According to a paper published online this week by Proofpoint researchers Brandon Murphy, Dennis Schwarz, Jack Mott, and the Proofpoint Threat Analysis Team, the malware, called CopperStealer, behaves similarly to the previously found, China-backed malware family SilentFade. They wrote, “Our investigation uncovered an aggressively built password and cookie stealer with a downloader feature, capable of distributing additional malware after stealing data.”

 

 

CopperStealer is in the same class as SilentFade, which Facebook attributes to ILikeAD Media International Company Ltd of Hong Kong, as well as other malware including StressPaint, FacebookRobot, and Scranos. Researchers have blamed Stressfade in particular for hacking Facebook profiles and then using them to partake in cybercriminal activities, such as running misleading advertising, resulting in $4 million in damages, according to researchers. “Previous Facebook and Bitdefender analysis has uncovered an increasingly growing network of Chinese-based malware focusing on monetizing hacked social media and other service accounts,” they wrote. “The findings of this inquiry point to CopperStealer being a part of this ever-changing ecosystem,” says the researcher.

 

Researchers looked at a sample of malware that targeted Facebook and Instagram companies and advertiser accounts in particular. They did find additional CopperStealer models that threaten other big service providers, such as Apple, Amazon, Bing, Google, PayPal, Tumblr, and Twitter, they added. CopperStealer was discovered by Proofpoint researchers after they discovered samples delivering several malware families, including CopperStealer, on dubious websites branded as “KeyGen” or “Crack” sites, such as keygenninja[.]com, piratewares[.]com, startcrack[.]com, and crackheap[.]net.

 

According to researchers, the pages appeared to offer “cracks,” “keygen,” and “serials” to get around legal software licensing constraints. Instead, they said, they gave them Potentially Unwanted Programs/Applications (PUP/PUA) or malicious executables that could run and download more payloads.

 

 

 

Researchers from Proofpoint collaborated with Facebook, Cloudflare, and other service providers to interrupt and intercept CopperStealer so they could learn its tricks, according to the company. Researchers wrote that Cloudflare “placed an alert interstitial page in front of the malicious domains and created a sinkhole for two of the malicious domains before the threat actor could file them.” The sinkhole hindered threat actors’ ability to gather victim information while supplying researchers with information on victim profiles, malware actions, and scope.

 

CopperStealer, the researchers learned, is not very advanced and just has “basic skills,” but it packs a punch.
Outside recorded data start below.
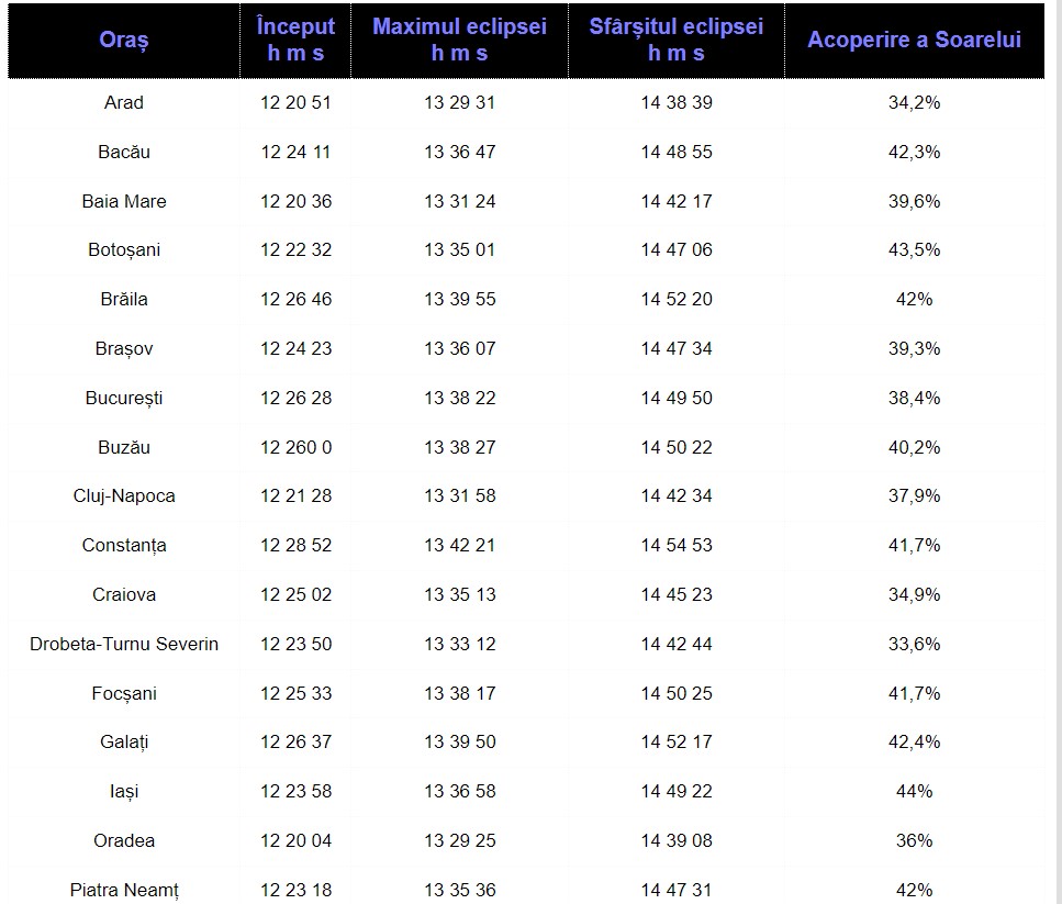 Intervalele orare la care se produce eclipsa de Soare în orașele țării
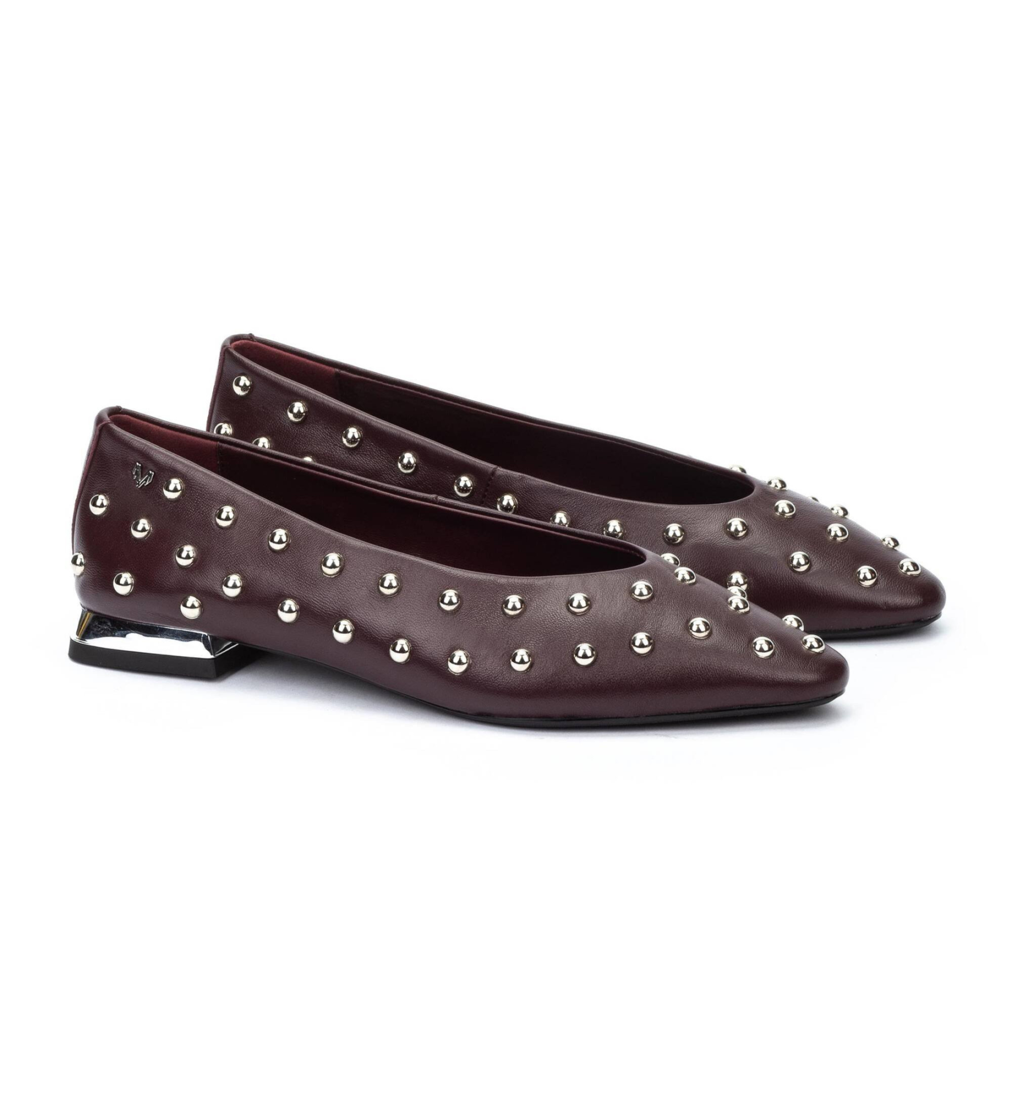 Bailarina Vescia. Bailarina em pele com tachas e salto metálico de 2,3 cm; biqueira amendoada. Aperte todos os dias com New Elegance, elegância e conforto actualizados.
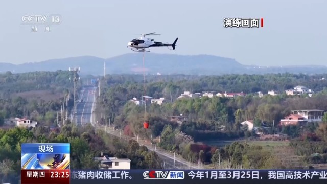 近日,在湖北咸宁,举行了一场“空地协同”的防山火实战演练。此次演练模拟500千伏输电线路周边发生山火,一架直升机接到指令后,迅速吊桶取水,扑灭模拟山火。

The sinkhole logged 69,992 HTTP Requests from 5,046 unique IP addresses originating from 159 countries in the first 24 hours of service, representing 4,655 unique infections, they discovered. According to them, India, Indonesia, Brazil, Pakistan, and the Philippines were the top five countries affected by the malware in terms of specific infections. CopperStealer also gets a download setup from the c2 registry and downloads an archive called “xldl.dat,” which seems to be a legal download manager called Xunlei from Xunlei Networking Technologies Ltd., which was previously connected to malware in 2013. CopperStealer then installs the configuration for the follow-up binary using an API exposed by the Xunlei program, according to the researchers.

 

Smokeloader, a modular backdoor, is one of the most recent payloads found by researchers to be delivered by CopperStealer. According to experts, the malware has previously used a range of payloads sent from a small number of URLs. CopperStealer’s existing operations will be disrupted, and Proofpoint researchers will continue to track the threat environment to recognize and detect possible evolutions of the malware, they added.